Dann reißt es wieder auf und das Wetter gibt alles. Als wäre nie etwas gewesen, scheint die Sonne und der Himmel leuchtet in sattem Blau. Echt jetzt? Sind wir vielleicht doch in Schottland? Denn nur dort habe ich bisher so affenartig schnell wechselndes Wetter gesehen. Aber uns soll’s Recht sein. Wir sind gut gelaunt, laufen weiter und freuen uns, jetzt doch noch Glück mit dem Wetter zu haben.
Aber Pustekuchen.
Kaum los gelatscht das volle Programm, was das Wetter hergibt. Es schüttet, gewittert, hagelt und was das schlechte Wetter sonst noch so alles kann. Jetzt ist auch die Unterbuxe durch und weil wir nun nicht mal mehr die Hand vor Augen sehen, holt der Mann meiner Brieffreundin das Auto, während wir drei einen dritten Stop einlegen. Wir bibbern, tropfen, sind aber trotzdem bester Laune. Die Bedienung gibt alles, um uns wieder warm zu kriegen, serviert Tee, Kaffee und Kakao und dreht die Heizung hoch.

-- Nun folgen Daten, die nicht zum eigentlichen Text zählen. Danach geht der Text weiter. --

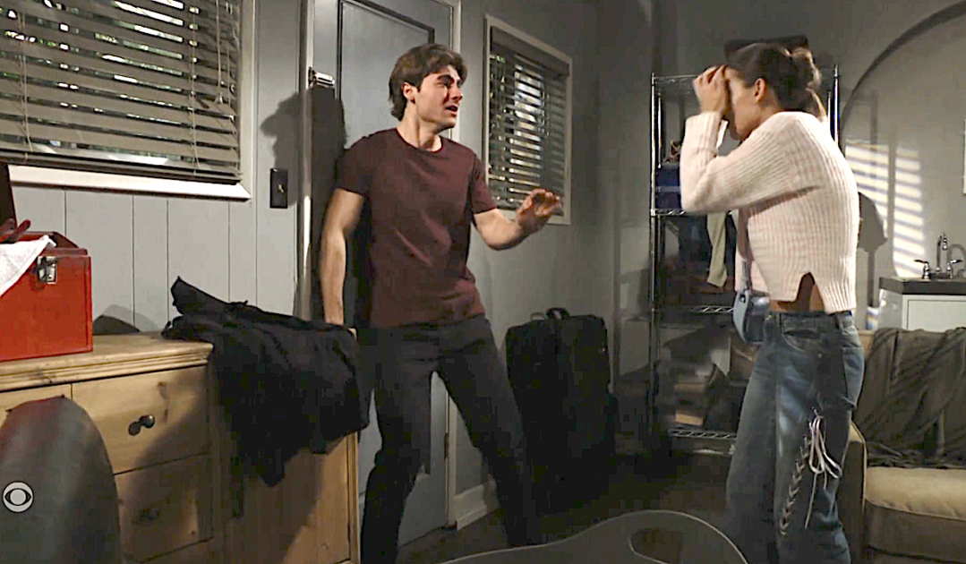 Picking up where Friday’s episode left off, Remy tries explaining his actions to a shocked and scared Electra. He kinda apologizes, saying that sometimes he goes too far. But she left him in Dallas and then hooked up with Will Spencer and, dang it, Remy loves her! He stops just short of spouting “If I can’t have you, nobody will!” But when she tries to leave, he blocks her path, locks the door and says he can’t ever be without her.

Schneller als gedacht ist der Mann meiner Brieffreundin wieder bei uns und wir sitzen schließlich tropfend und uns scheckig lachend im Auto.
Fazit und so
Das war mal Abenteuer 😄
Ich habe selten solche Wetterkapriolen erlebt, aber wir hatten dennoch reichlich Spaß.
Darüber hinaus ist der Weg zwar zum Großteil asphaltiert, gibt aber eine schöne Tour ab, wenn man tolles Wetter hat. Es gibt reichlich Möglichkeiten einzukehren und kurz vor Ende des Weges am Strand oder im Strandkorb zu liegen. Für Kids ist der Weg ebenfalls geeignet, da es nicht bergauf geht und man bei den Einkehrmöglichkeiten auch an die Zwerge gedacht hat. Es gibt Spielplätze, die Möglichkeit im Sand zu buddeln oder mit dem Tretboot über den See zu gondeln.
Wenn man also einen Weg sucht, der nicht anspruchsvoll ist, reichlich Einkehrmöglichkeiten bietet und für die gesamte Familie Spaß bringt, dann ist der Schieder See bestens geeignet.